*Author: Ildi Czeller, @czeildi on Twitter and Github*

It caused me a great deal of headache to work around `as.difftime`

to get what I wanted but also I learned much more than I expected along the way so I wanted to share the journey with you.

## Initial experience

I had a data frame with two columns containing timestamps and I wanted to calculate the difference between them.

```
## send_time open_time
## 1: 2018-04-01 00:01:00 2018-04-01 00:07:00
## 2: 2018-04-02 00:01:00 2018-04-02 02:01:00
```

In the first row, there are 6 minutes between send and open time and in the second row there are 2 hours. The essence of the unexpected behavior I experienced:

`dt[, open_time - send_time][2]`

`## Time difference of 120 mins`

`dt[2, open_time - send_time]`

`## Time difference of 2 hours`

Basically the result for one row depends on other rows in the data frame.

### Finding a workaround

My first idea was to explicitly provide the `units`

argument.

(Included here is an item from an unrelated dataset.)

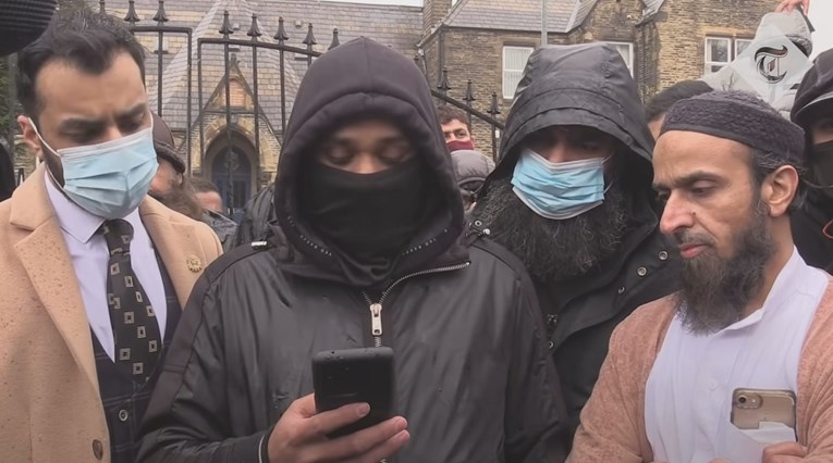 Njegova je izjava uslijedila nakon što su se deseci prosvjednika okupili pred vratima gimnazije Batley u četvrtak ujutro, prisiljavajući školu da učenicima savjetuje da ostanu kod kuće dok policajci čuvaju školu. Navodno je 29-godišnji učitelj religije pokazala učenicima spornu sliku tijekom nastave u ponedjeljak. U četvrtak navečer morao je potražiti utočište nakon što je policija izrazila zabrinutost za njegovu sigurnost s obzirom na to da se njegovo ime pojavilo na internetu.

However, it did not help.

`dt[, as.difftime(open_time - send_time, units = "hours")][2]`

`## Time difference of 120 mins`

I found that if I create a difftime object with `difftime`

and not with subtraction it works as I expect.

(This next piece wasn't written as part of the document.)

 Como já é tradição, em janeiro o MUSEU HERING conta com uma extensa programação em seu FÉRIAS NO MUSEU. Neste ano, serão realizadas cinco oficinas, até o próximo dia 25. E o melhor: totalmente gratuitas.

`dt[, difftime(open_time, send_time, units = "hours")][2]`

`## Time difference of 2 hours`

## Digging deeper

### How does timestamp subtraction actually work?

```
base_time <- lubridate::ymd_hms("2018-04-01 00:00:00")
later_times <- base_time + c(
lubridate::period(1, "month"),
lubridate::period(1, "day"),
lubridate::period(1, "minute"),
lubridate::period(1, "second")
)
```

`later_times[1:1] - base_time`

`## Time difference of 30 days`

`later_times[1:2] - base_time`

```
## Time differences in days
## [1] 30 1
```

`later_times[1:3] - base_time`

```
## Time differences in mins
## [1] 43200 1440 1
```

`later_times[1:4] - base_time`

```
## Time differences in secs
## [1] 2592000 86400 60 1
```

Based on this I am quite confident to say that firstly the smallest unit will be used for all values and secondly subtraction won’t result in units greater than a day.

### Why does `units`

not help?

It still puzzled me why the explicit `units`

argument did not help. Time to look at the source code at last!

`as.difftime`

```
function (tim, format = "%X", units = "auto")
{
if (inherits(tim, "difftime"))
return(tim)
if (is.character(tim)) {
difftime(strptime(tim, format = format), strptime("0:0:0",
format = "%X"), units = units)
}
else {
# ...
}
}
```

Only by skimming the code we can see that it behaves differently depending on the type of its argument. What did we pass?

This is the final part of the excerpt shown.